WORK INSTRUCTIONS — Without the pictures, copy all of the data exactly.

DATA EXTRACT —

»»

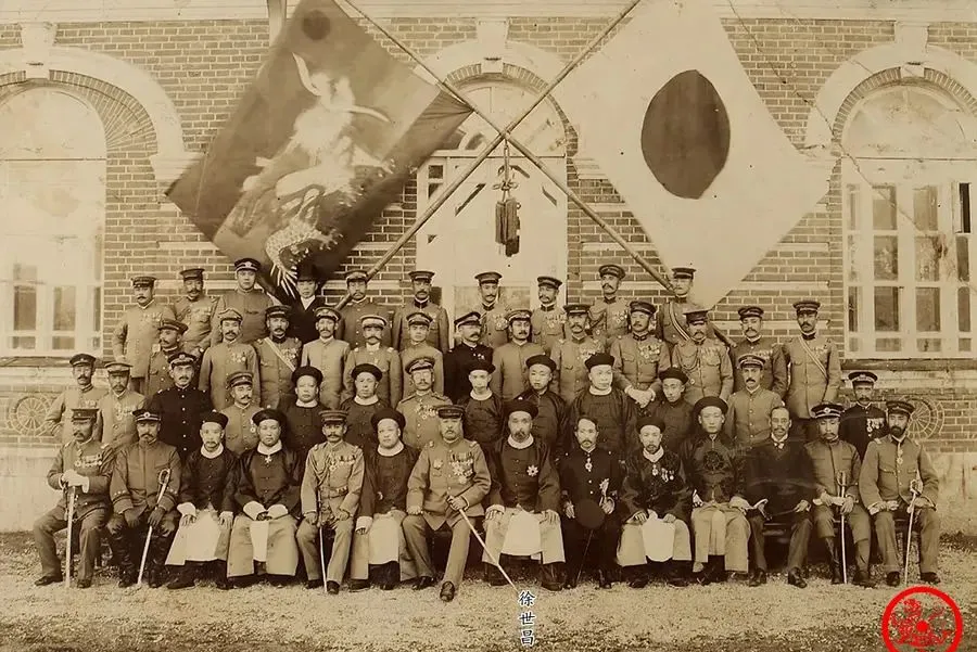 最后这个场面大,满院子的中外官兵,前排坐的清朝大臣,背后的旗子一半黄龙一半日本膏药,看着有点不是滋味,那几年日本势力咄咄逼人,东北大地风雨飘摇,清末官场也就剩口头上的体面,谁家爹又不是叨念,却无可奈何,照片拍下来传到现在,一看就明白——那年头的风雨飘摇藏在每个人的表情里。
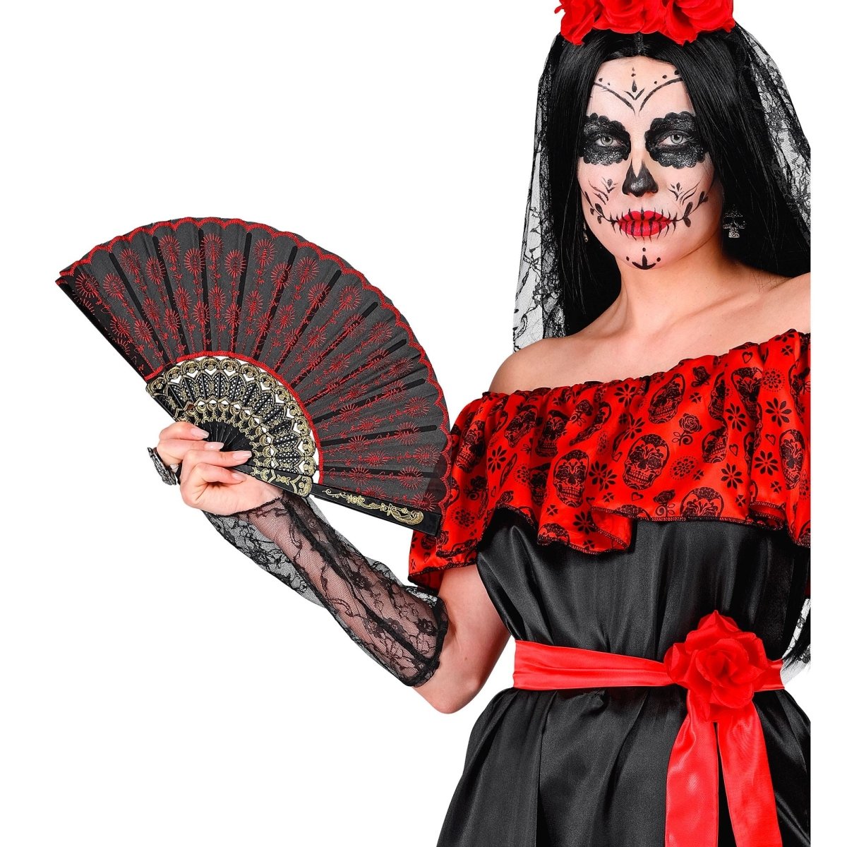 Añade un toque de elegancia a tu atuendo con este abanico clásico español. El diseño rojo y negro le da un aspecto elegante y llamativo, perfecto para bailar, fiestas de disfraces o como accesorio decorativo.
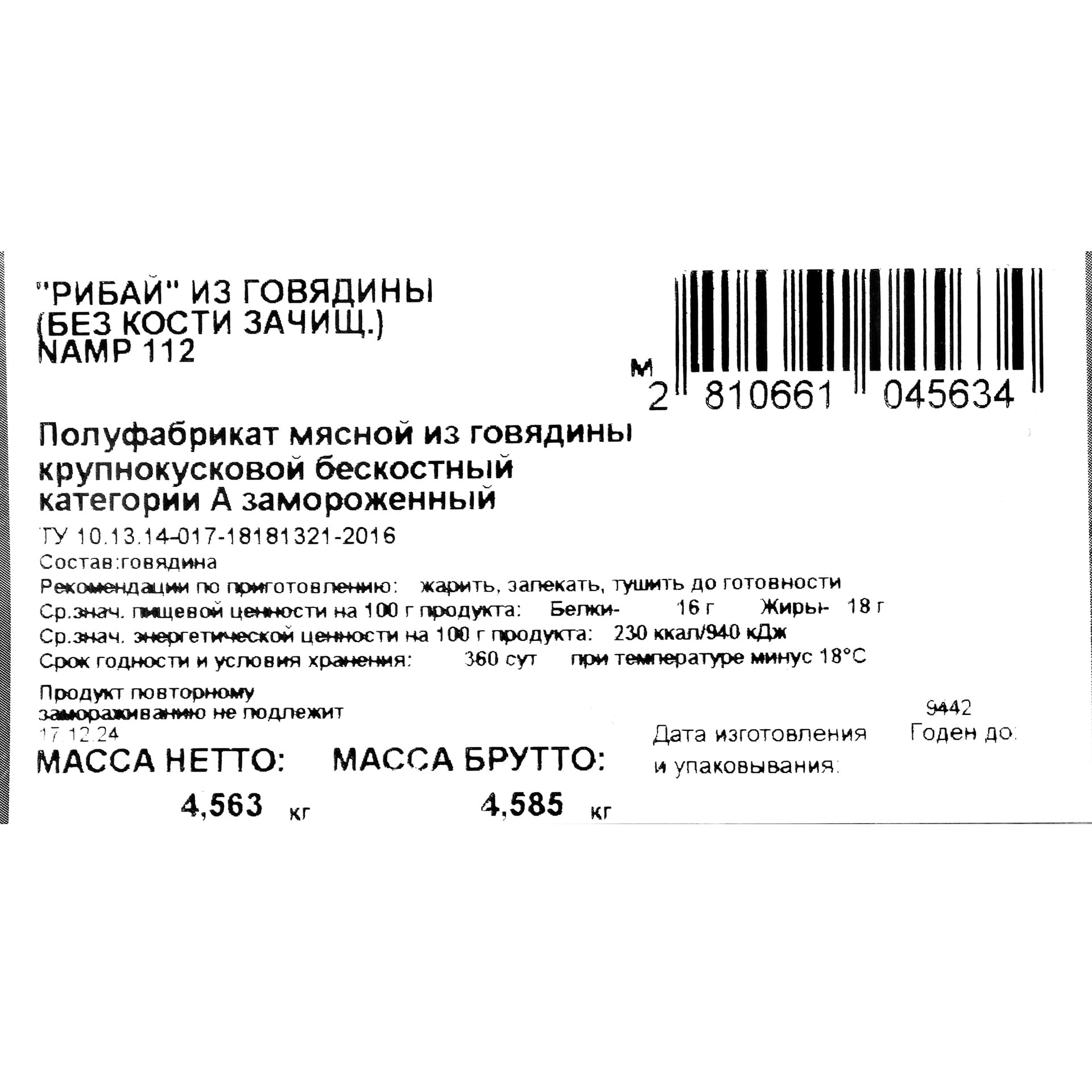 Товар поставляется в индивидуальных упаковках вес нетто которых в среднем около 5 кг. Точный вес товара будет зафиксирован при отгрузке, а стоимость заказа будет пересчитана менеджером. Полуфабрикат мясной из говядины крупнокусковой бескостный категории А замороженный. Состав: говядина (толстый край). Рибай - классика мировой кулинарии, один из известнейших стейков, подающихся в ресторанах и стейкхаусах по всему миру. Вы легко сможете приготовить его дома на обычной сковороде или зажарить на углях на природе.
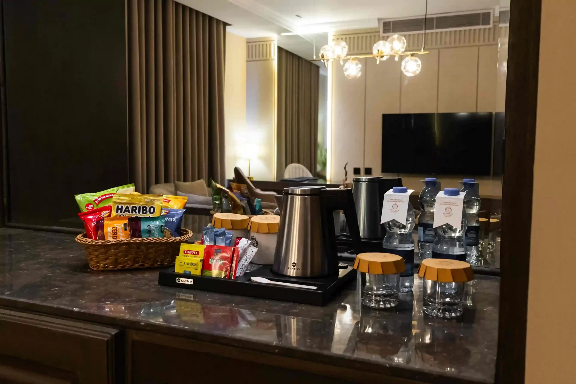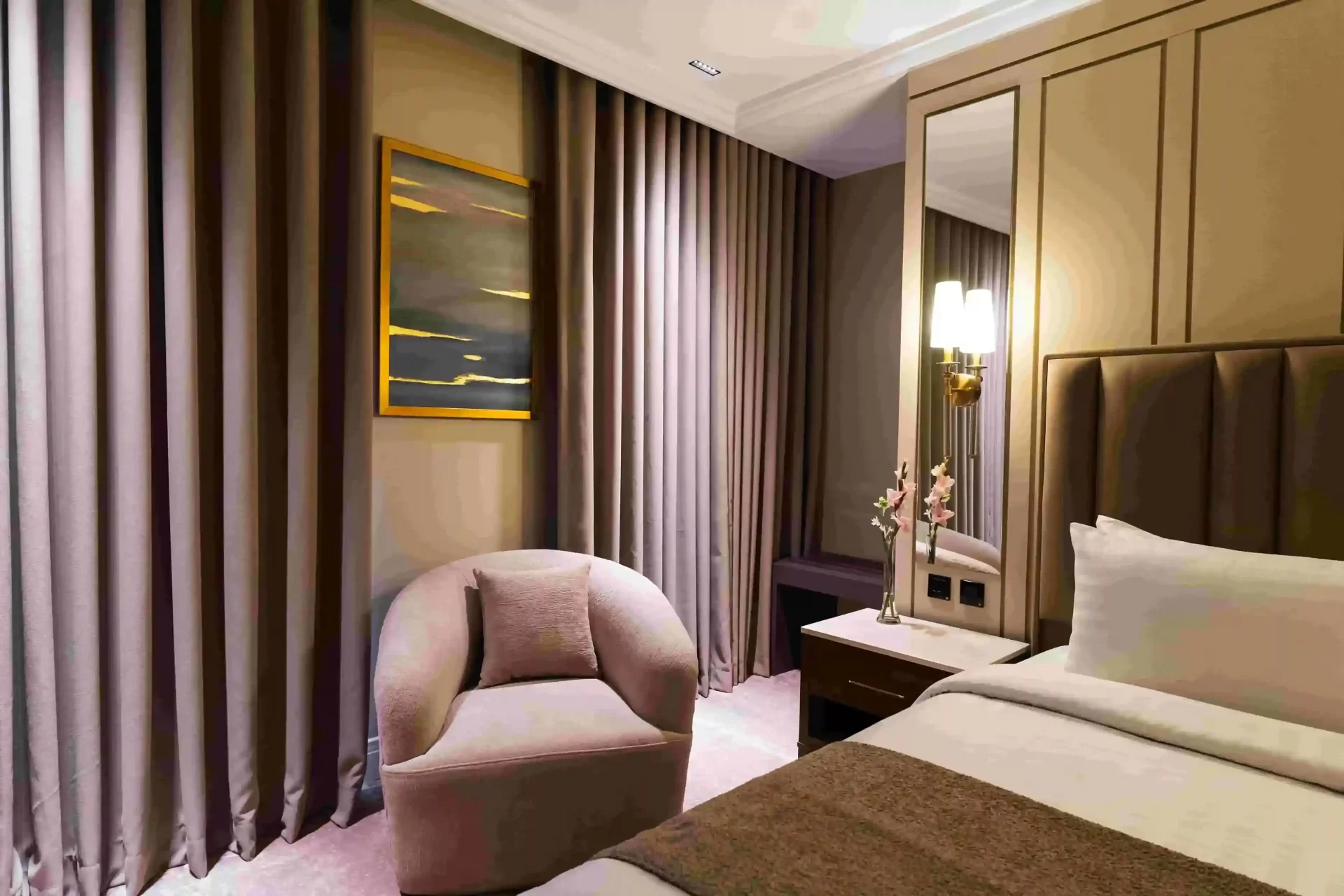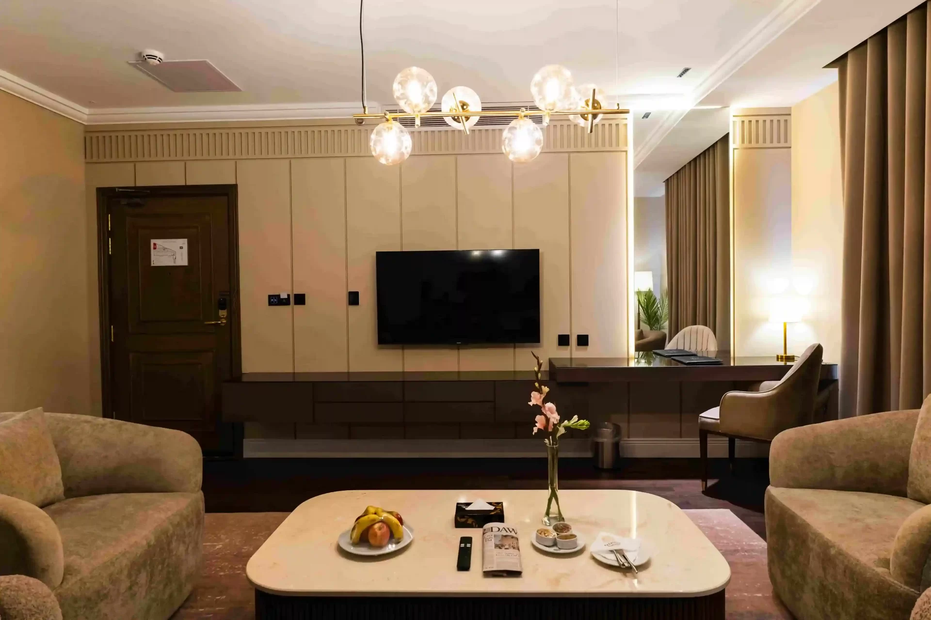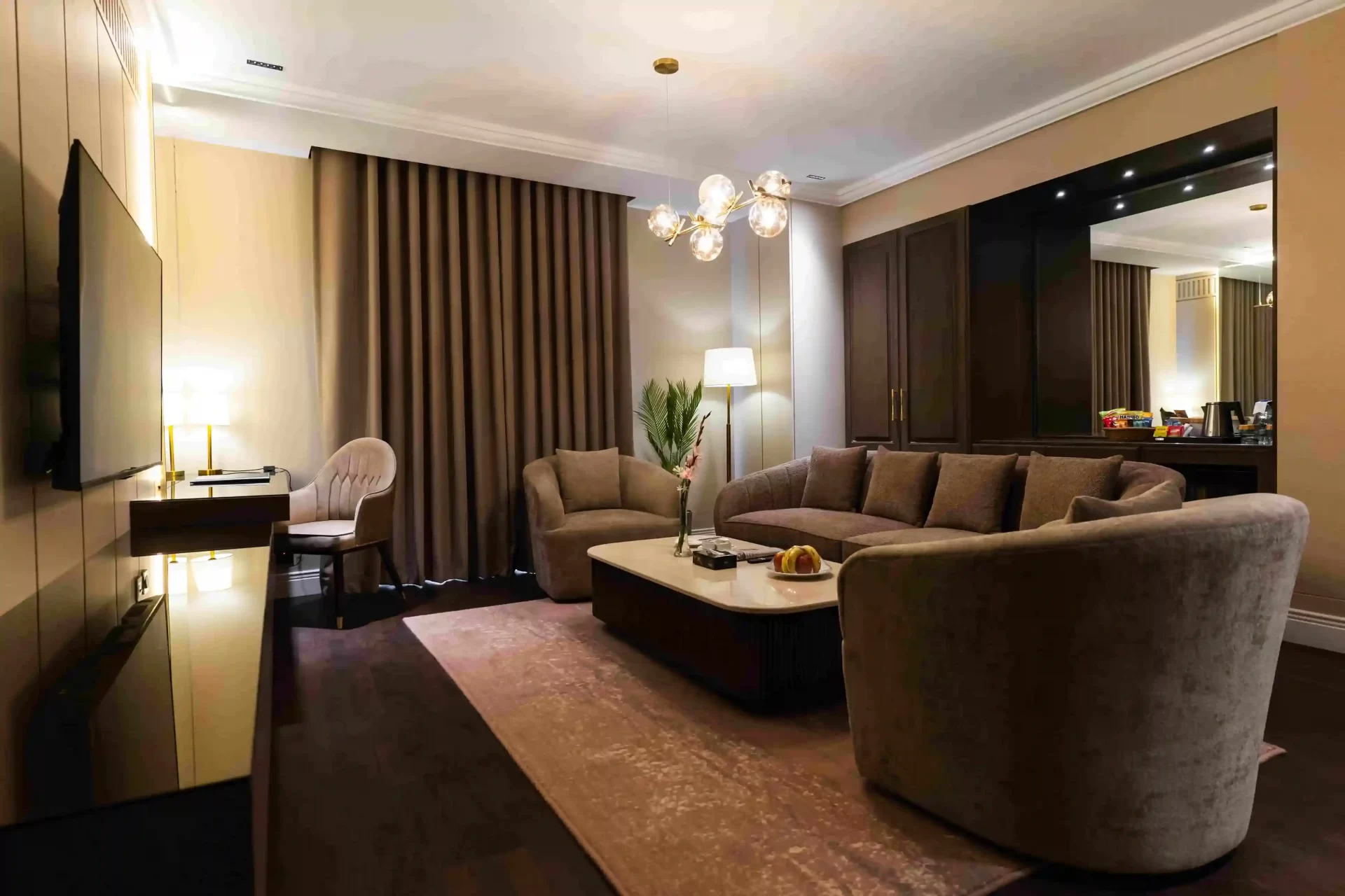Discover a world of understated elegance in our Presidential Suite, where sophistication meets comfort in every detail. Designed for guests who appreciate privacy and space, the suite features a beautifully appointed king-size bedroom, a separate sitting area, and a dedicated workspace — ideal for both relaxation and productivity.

««

RESPONSE AREA —
 最后这个场面大,满院子的中外官兵,前排坐的清朝大臣,背后的旗子一半黄龙一半日本膏药,看着有点不是滋味,那几年日本势力咄咄逼人,东北大地风雨飘摇,清末官场也就剩口头上的体面,谁家爹又不是叨念,却无可奈何,照片拍下来传到现在,一看就明白——那年头的风雨飘摇藏在每个人的表情里。
 Añade un toque de elegancia a tu atuendo con este abanico clásico español. El diseño rojo y negro le da un aspecto elegante y llamativo, perfecto para bailar, fiestas de disfraces o como accesorio decorativo.
 Товар поставляется в индивидуальных упаковках вес нетто которых в среднем около 5 кг. Точный вес товара будет зафиксирован при отгрузке, а стоимость заказа будет пересчитана менеджером. Полуфабрикат мясной из говядины крупнокусковой бескостный категории А замороженный. Состав: говядина (толстый край). Рибай - классика мировой кулинарии, один из известнейших стейков, подающихся в ресторанах и стейкхаусах по всему миру. Вы легко сможете приготовить его дома на обычной сковороде или зажарить на углях на природе.
Discover a world of understated elegance in our Presidential Suite, where sophistication meets comfort in every detail. Designed for guests who appreciate privacy and space, the suite features a beautifully appointed king-size bedroom, a separate sitting area, and a dedicated workspace — ideal for both relaxation and productivity.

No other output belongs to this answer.